:: DATA EXTRACT ::

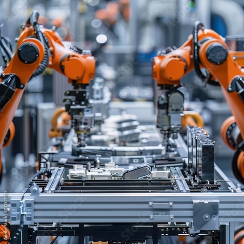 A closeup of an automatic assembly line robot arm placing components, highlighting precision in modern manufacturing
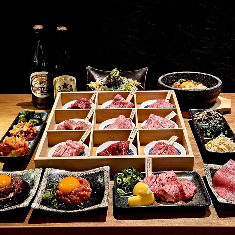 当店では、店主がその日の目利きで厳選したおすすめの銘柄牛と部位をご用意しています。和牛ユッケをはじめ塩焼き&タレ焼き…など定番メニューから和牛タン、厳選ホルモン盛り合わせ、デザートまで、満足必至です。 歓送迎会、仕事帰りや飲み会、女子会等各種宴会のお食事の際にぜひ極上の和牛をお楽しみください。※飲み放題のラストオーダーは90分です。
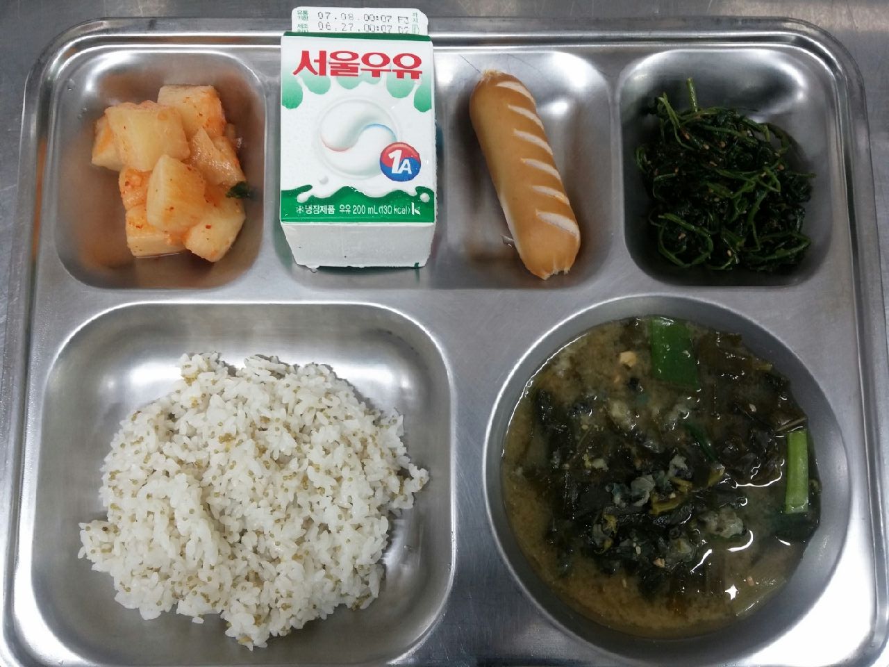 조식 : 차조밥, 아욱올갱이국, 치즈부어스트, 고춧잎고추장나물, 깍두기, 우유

:::

**PROBLEM STATEMENT:**
After locating the line with "当店では、店主がその日の目利" in the listing above, transcribe it and every line after it to the last, exactly, with no pictures.

**PROBLEM SOLUTION:**
 当店では、店主がその日の目利きで厳選したおすすめの銘柄牛と部位をご用意しています。和牛ユッケをはじめ塩焼き&タレ焼き…など定番メニューから和牛タン、厳選ホルモン盛り合わせ、デザートまで、満足必至です。 歓送迎会、仕事帰りや飲み会、女子会等各種宴会のお食事の際にぜひ極上の和牛をお楽しみください。※飲み放題のラストオーダーは90分です。
 조식 : 차조밥, 아욱올갱이국, 치즈부어스트, 고춧잎고추장나물, 깍두기, 우유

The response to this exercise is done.